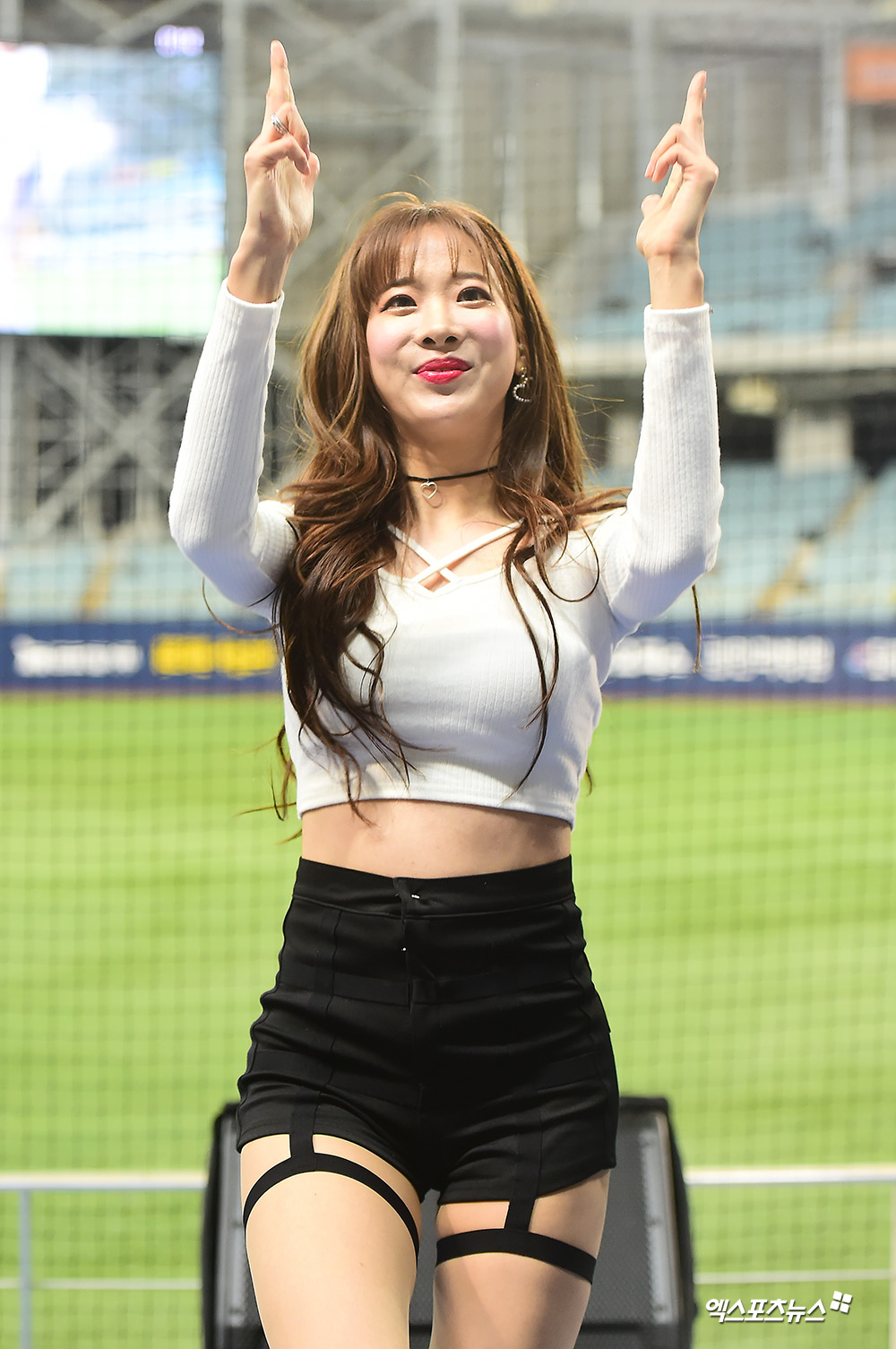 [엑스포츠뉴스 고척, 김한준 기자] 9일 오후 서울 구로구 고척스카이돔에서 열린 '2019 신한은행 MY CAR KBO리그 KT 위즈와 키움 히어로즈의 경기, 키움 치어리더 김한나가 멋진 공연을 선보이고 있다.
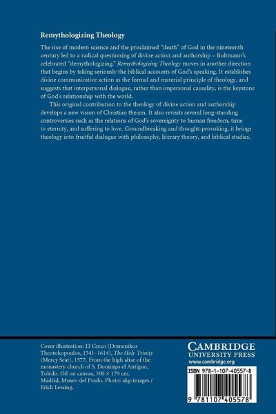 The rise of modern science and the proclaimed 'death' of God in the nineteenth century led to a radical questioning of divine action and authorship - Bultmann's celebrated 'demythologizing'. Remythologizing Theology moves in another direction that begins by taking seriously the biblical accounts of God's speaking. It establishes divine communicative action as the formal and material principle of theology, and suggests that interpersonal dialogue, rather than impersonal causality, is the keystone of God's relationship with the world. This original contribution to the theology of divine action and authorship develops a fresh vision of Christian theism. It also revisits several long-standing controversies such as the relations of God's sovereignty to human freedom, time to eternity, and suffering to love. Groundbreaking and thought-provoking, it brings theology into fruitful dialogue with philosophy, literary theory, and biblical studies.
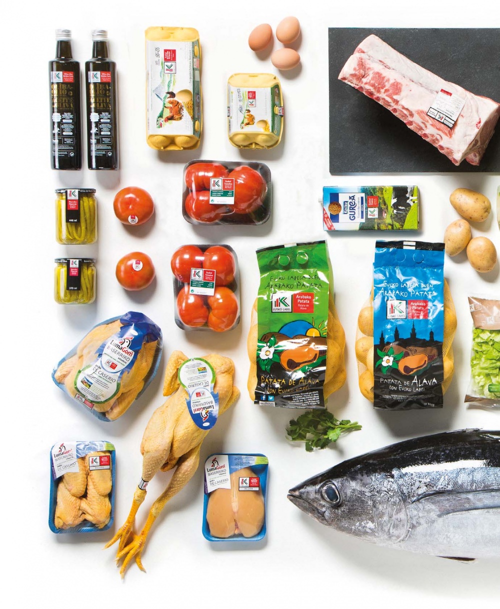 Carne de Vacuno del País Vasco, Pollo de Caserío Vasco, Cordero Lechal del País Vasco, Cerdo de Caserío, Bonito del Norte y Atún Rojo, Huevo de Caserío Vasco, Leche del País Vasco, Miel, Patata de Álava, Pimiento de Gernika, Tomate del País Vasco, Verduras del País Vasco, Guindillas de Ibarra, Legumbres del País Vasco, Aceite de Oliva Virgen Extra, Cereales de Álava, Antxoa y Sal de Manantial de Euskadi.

- _Problem details_:
Take the data above and set it down exactly, images excluded.

- _Response area_:
 [엑스포츠뉴스 고척, 김한준 기자] 9일 오후 서울 구로구 고척스카이돔에서 열린 '2019 신한은행 MY CAR KBO리그 KT 위즈와 키움 히어로즈의 경기, 키움 치어리더 김한나가 멋진 공연을 선보이고 있다.
 The rise of modern science and the proclaimed 'death' of God in the nineteenth century led to a radical questioning of divine action and authorship - Bultmann's celebrated 'demythologizing'. Remythologizing Theology moves in another direction that begins by taking seriously the biblical accounts of God's speaking. It establishes divine communicative action as the formal and material principle of theology, and suggests that interpersonal dialogue, rather than impersonal causality, is the keystone of God's relationship with the world. This original contribution to the theology of divine action and authorship develops a fresh vision of Christian theism. It also revisits several long-standing controversies such as the relations of God's sovereignty to human freedom, time to eternity, and suffering to love. Groundbreaking and thought-provoking, it brings theology into fruitful dialogue with philosophy, literary theory, and biblical studies.
 Carne de Vacuno del País Vasco, Pollo de Caserío Vasco, Cordero Lechal del País Vasco, Cerdo de Caserío, Bonito del Norte y Atún Rojo, Huevo de Caserío Vasco, Leche del País Vasco, Miel, Patata de Álava, Pimiento de Gernika, Tomate del País Vasco, Verduras del País Vasco, Guindillas de Ibarra, Legumbres del País Vasco, Aceite de Oliva Virgen Extra, Cereales de Álava, Antxoa y Sal de Manantial de Euskadi.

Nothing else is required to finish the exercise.